The roof of the monument consists of a flat surface with a grave in its center (figure 2.1.2). To the North side an Ordovician sandstone hill formation is carved in such a way that people can climb an inclined path to reach behind the top of the monument. At this point the surface is flattened so that a small wooden or stone bridge provides access to the roof and the grave. This is sensible as the need to burry a person on the top requires this arrangement, although it is surprising that an incline plane rather than a staircase was used for the purpose of the climb. No evidence is noted that the incline was a staircase whose steps have been completely weathered. Perhaps the difficult climb was intentional to discourage climbing by unauthorized persons. 

At the bottom of the Northern sandstone hill a channel that has been carved to carry clay water piping to the city of Petra. The water management around the Djin Block is extensive and its damage may have contributed to weathering of the monument.

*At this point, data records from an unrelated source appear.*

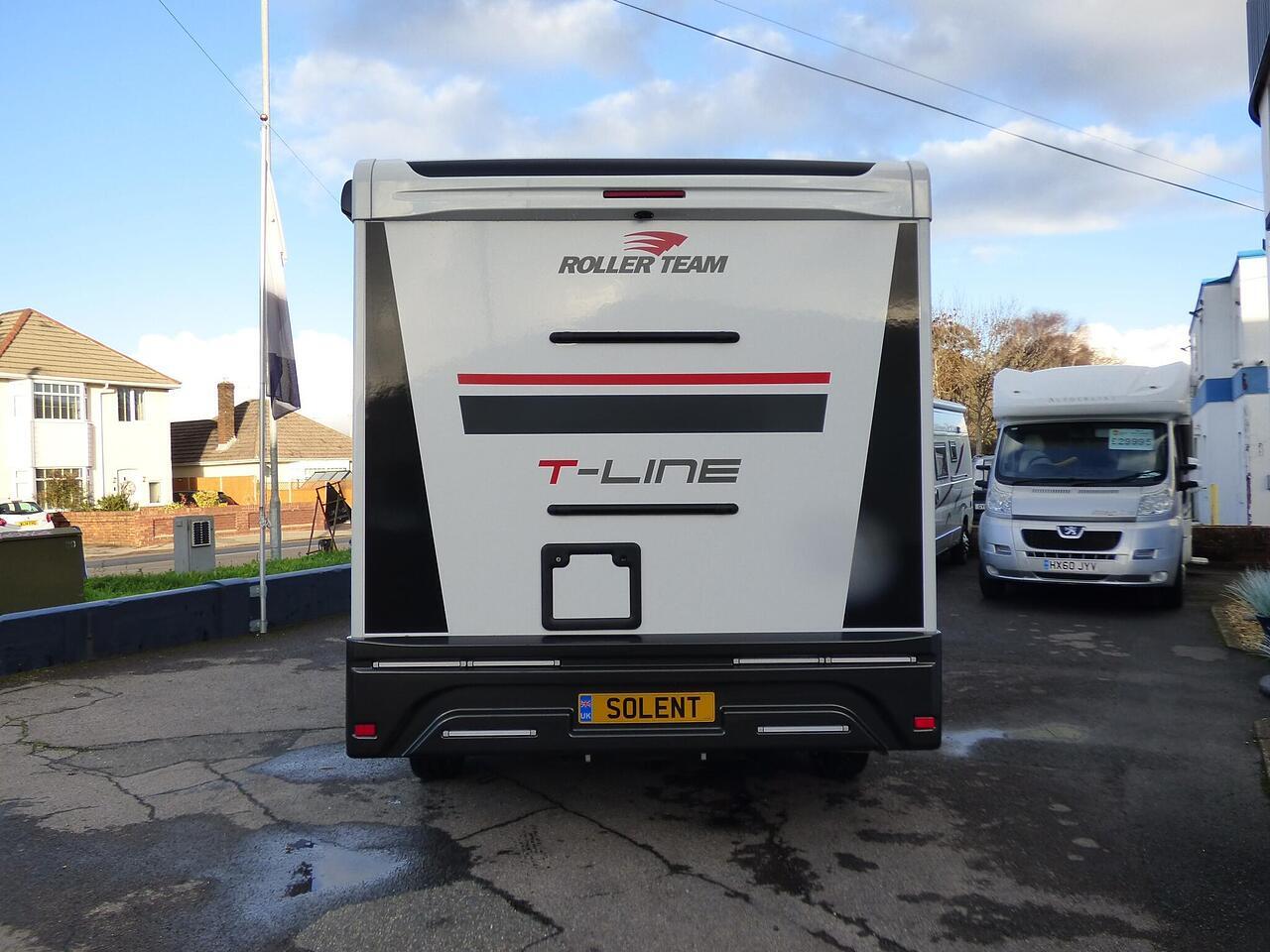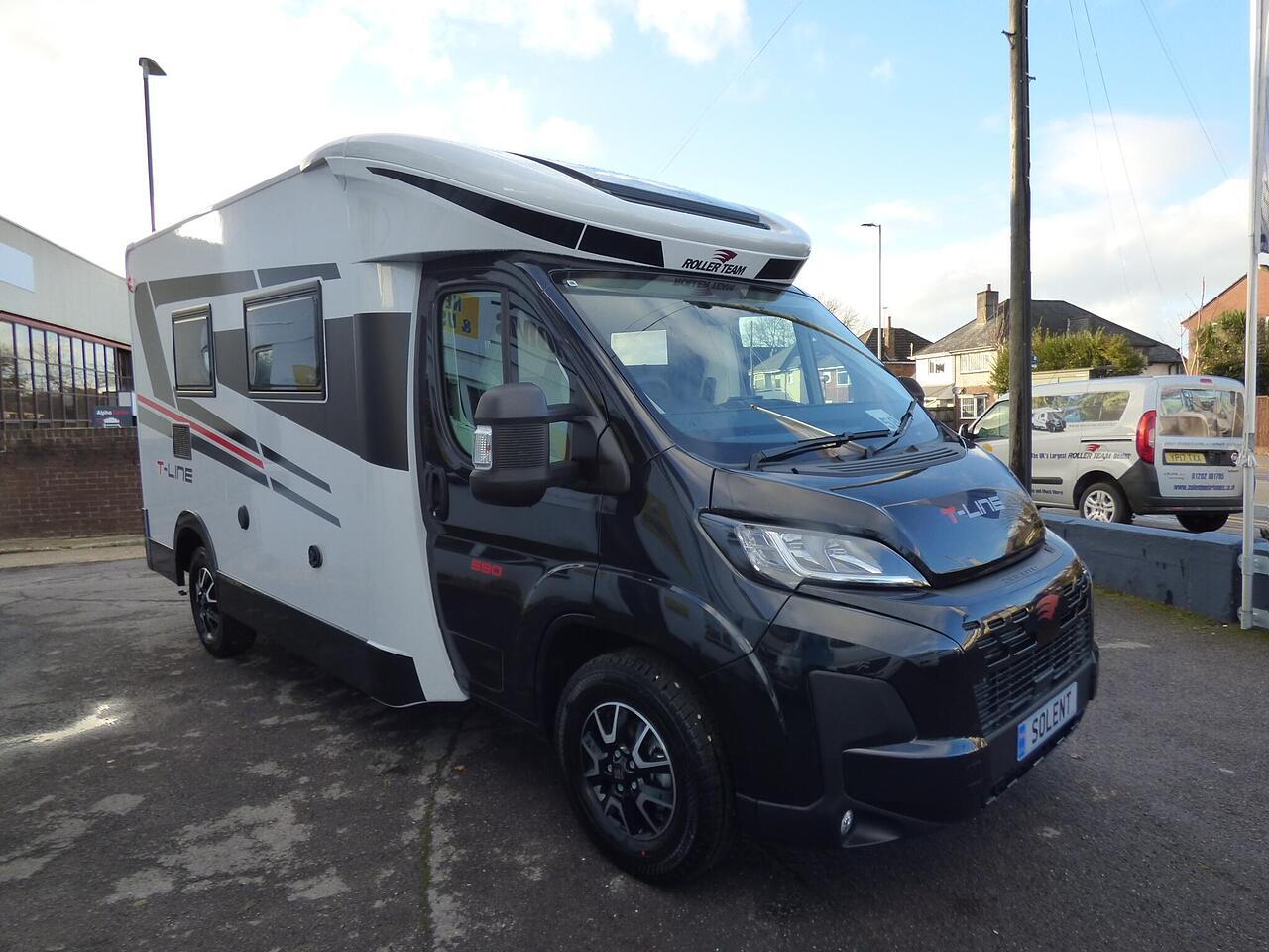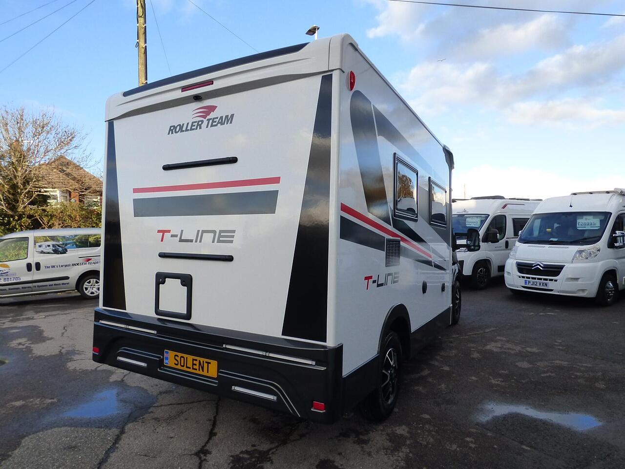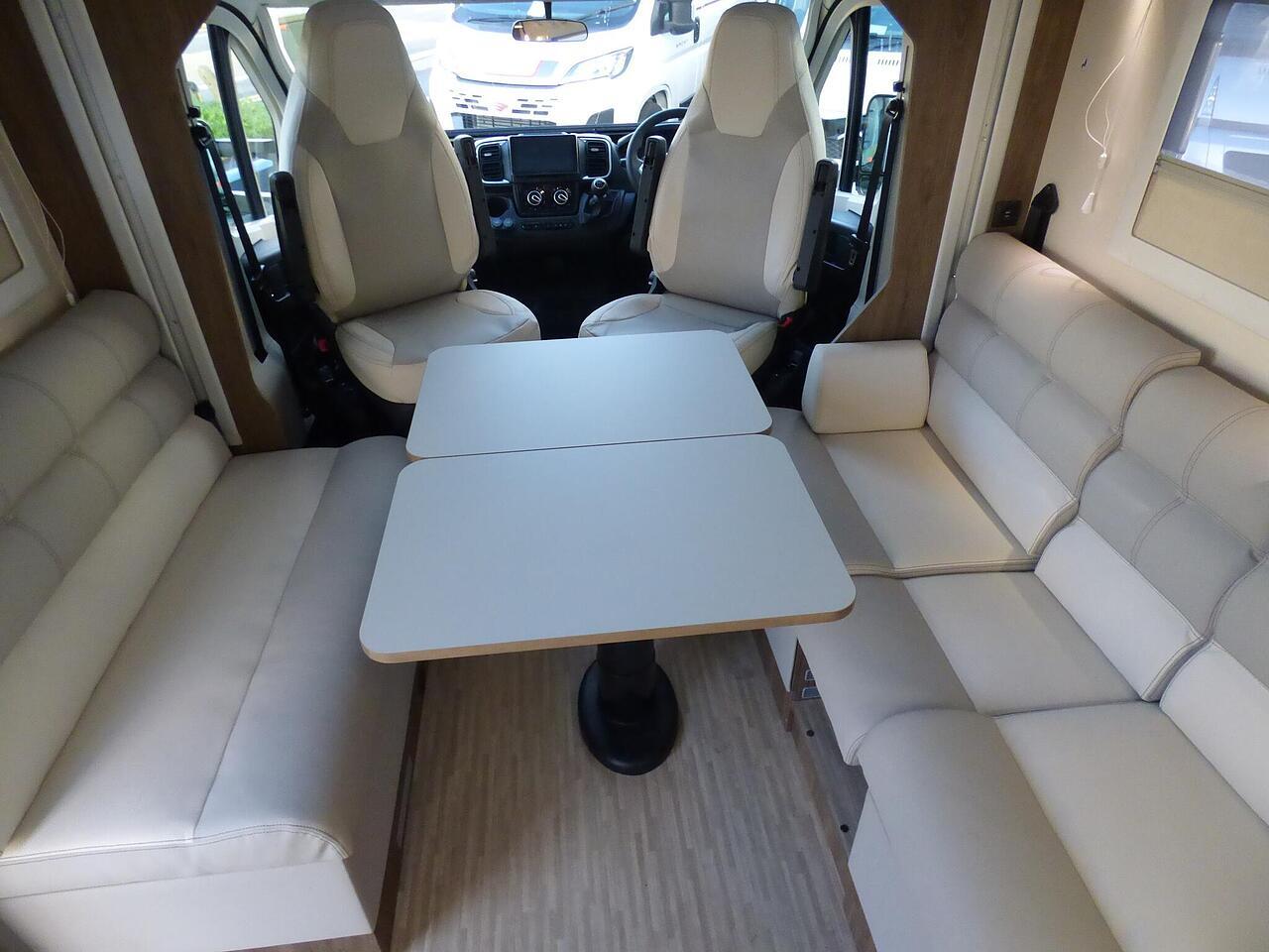 Brand New 2026 Model T-Line 590 140bhp manual in stock now. A Fantastic new layout to the T-Line range, the new 590 model provides new lounge set up and a host of new features but maintains the price point from the 2025 model. The lounge area is laid out as two opposing sofas with the front seats swivelling to accommodate 6 with ease. The large elevating bed over simply drops down for evening use. The central kitchen is fitted with a gas hob, gas oven/grill and a new compressor fridge/freezer. The rear bathroom has a separate shower cubicle, cassette type toilet and a wash hand basin along with access to the rear storage area. Heating and hot water is via a Truma dual fuel system and other features for this T-Line 590 include: Alloy Wheels, Pioneer infotainment system, Twin 200w solar panels with MPPT controllers, Twin leisure batteries, Fiamma bike rack, Thule wind out awning, External BBQ and Shower points, WiFi, pleated cab blinds, carpets and ISOfix child seat fixings. 4 berth, 4 seat belts, L. 5.99m, W. 2.35m, H. 2.95m, 3,500kg, delivery miles. -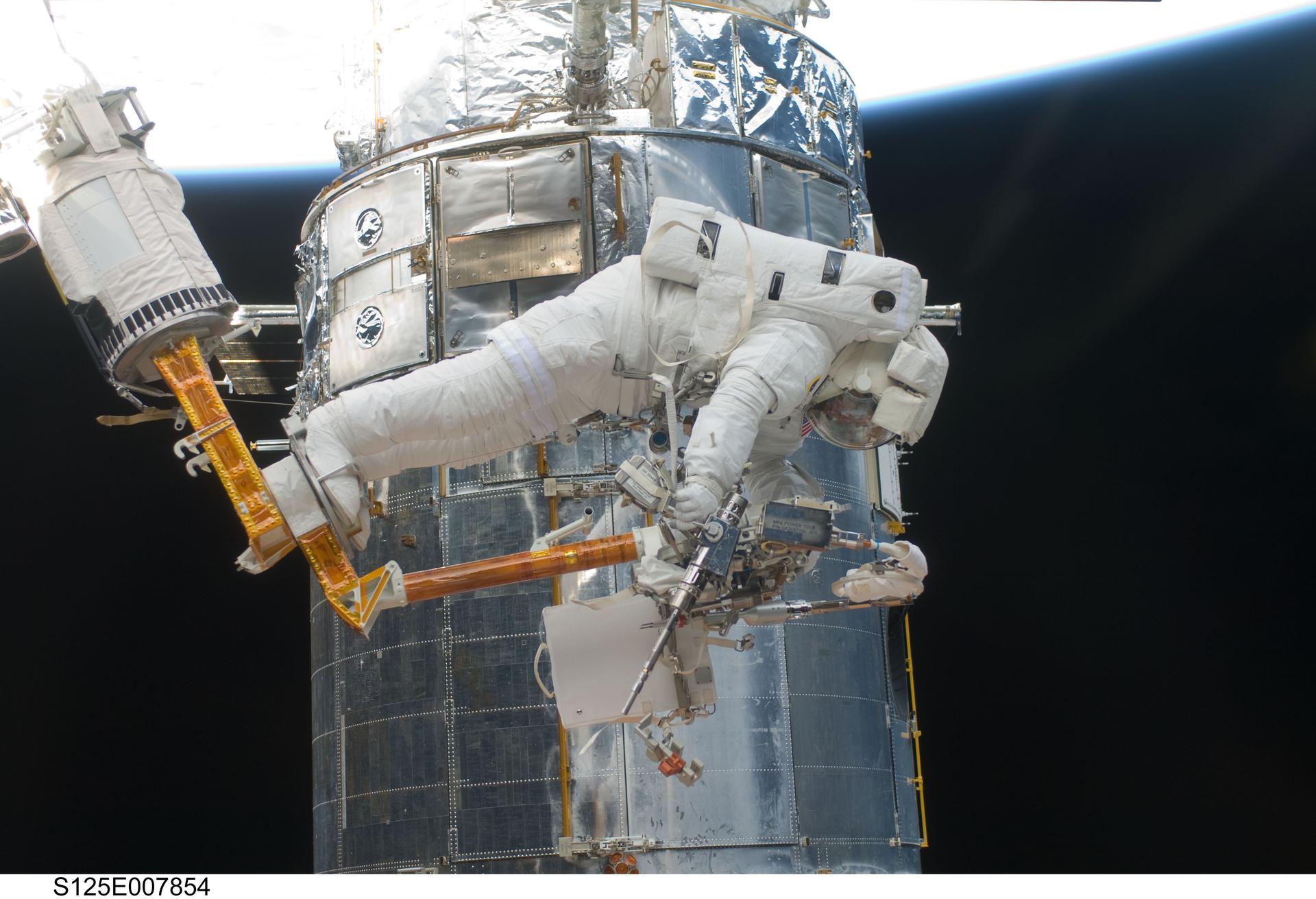 S125-E-007854 (16 May 2009) --- Astronaut Andrew Feustel, STS-125 mission specialist, retrieves a power tool as he navigates near the Hubble Space Telescope on the end of the remote manipulator system arm, controlled from inside Atlantis? crew cabin. Astronauts Feustel and John Grunsfeld were continuing servicing work on the giant observatory, locked down in the cargo bay of the shuttle.
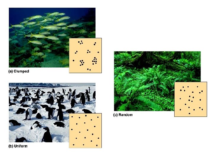 Population Density • # of organisms per area • Dispersion – pattern of spacing of populations – 3 types • Uniform • Clumped • Random
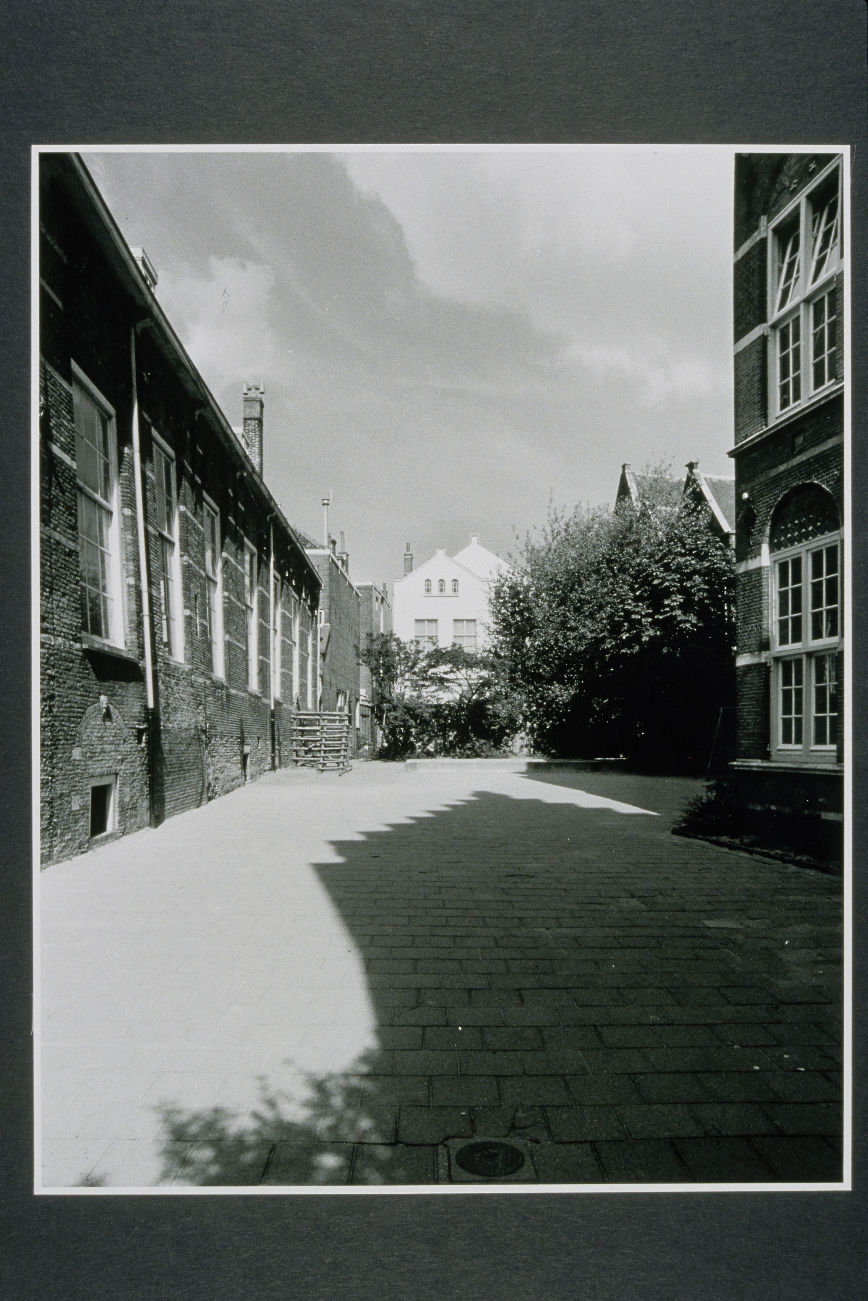 - Speelplaats van de Statenschool aan de Hofstraat. Links de Berckepoort.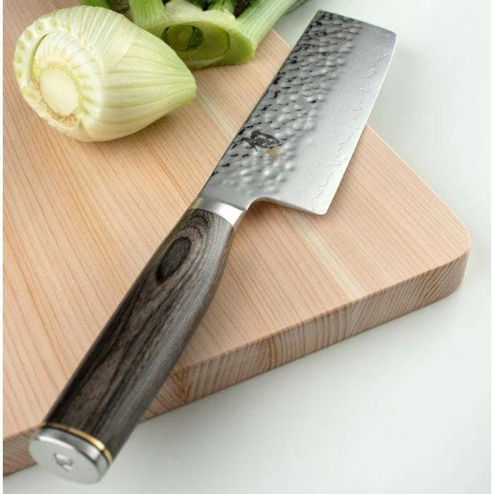 The nakiri is interesting thanks to it’s unique blade shape. Nakiri is Japanese for “vegetable knife” and the new Premier Grey Nakiri is the ideal kitchen knife for slicing and dicing most every fruit and vegetable. The nakiri blade shape is extremely practical with its blunt tip. The nakiri is not rocked like a chef’s knife because of the straight blade, edge, and spine. Use a push cut by moving the knife down and forward while keeping the edge parallel to the cutting surface.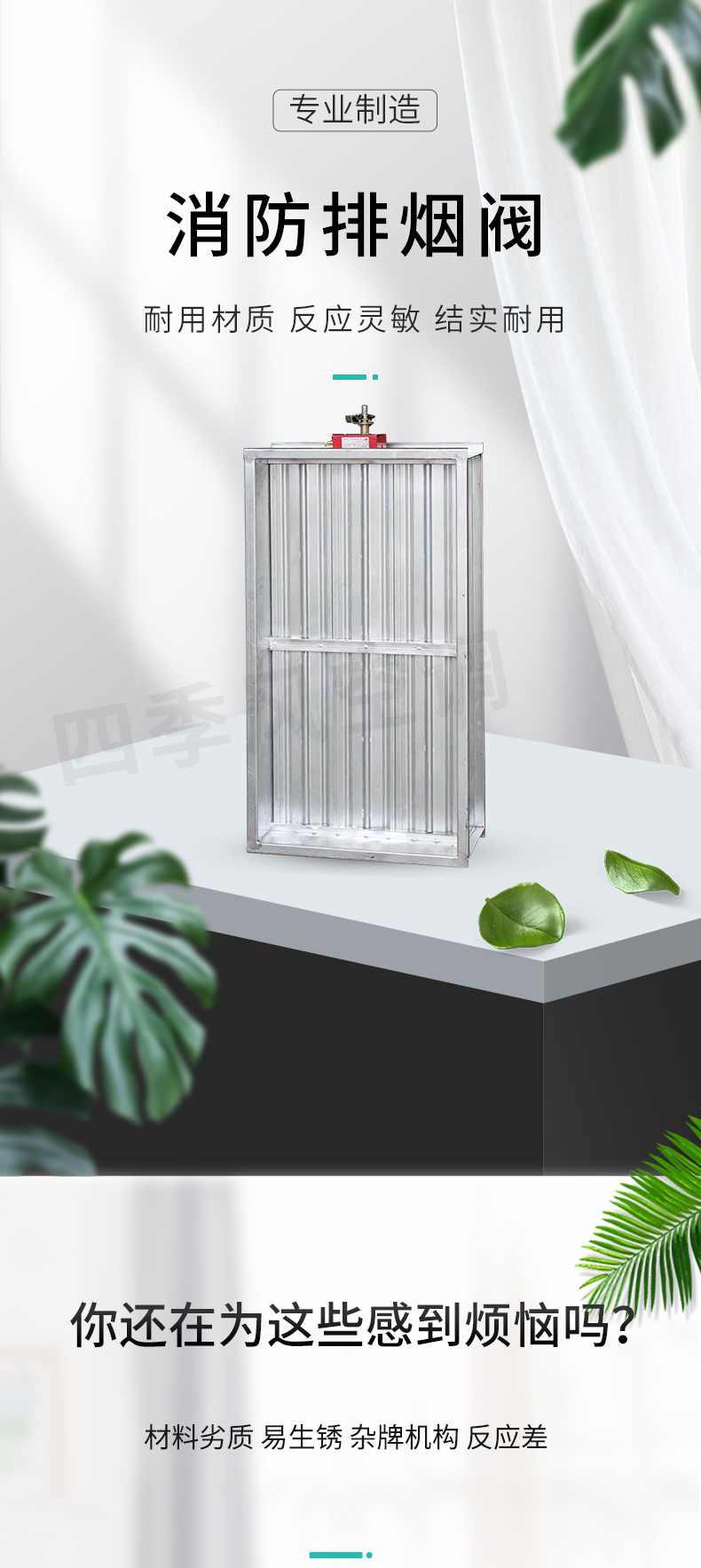 靖江市四季風空調設備有限公司——排煙防火閥平時常開;溫感器280℃自動關閉,手動關閉,輸出關閉信號;手動復位。

Coming from higher up, the clay pipe meanders alongside the Outer Siq on the Northern side. It reaches around the bottom of the Djin Block number 8 and crosses above a small streambed (a wadi) to reach the floor of the Djin Block number 9, and passes into the channel at the bottom of the Northern hill. It seems to continue into or above a small streambed to the West of the Block. The small wadi lying east to the Djin Block 9, and above which the clay piping crosses, has a small dam that collects water form its upper regions. A open water channel, also coming from the higher region of the Outer Siq poured its content into the dam. 

Map of the site of Petra showing The Djin Block No. 9

Figure 1.1: East side of Djin Block 9. Right represents the Southern side

  

  

Figure 1.2- (a) Grave at rooftop with sandstone ridge behind. The ridge has a carved channel that used to carry a clay pipe behind the monument. (b) On the right a closer view of the rooftop showing the surface that was carved into a grave.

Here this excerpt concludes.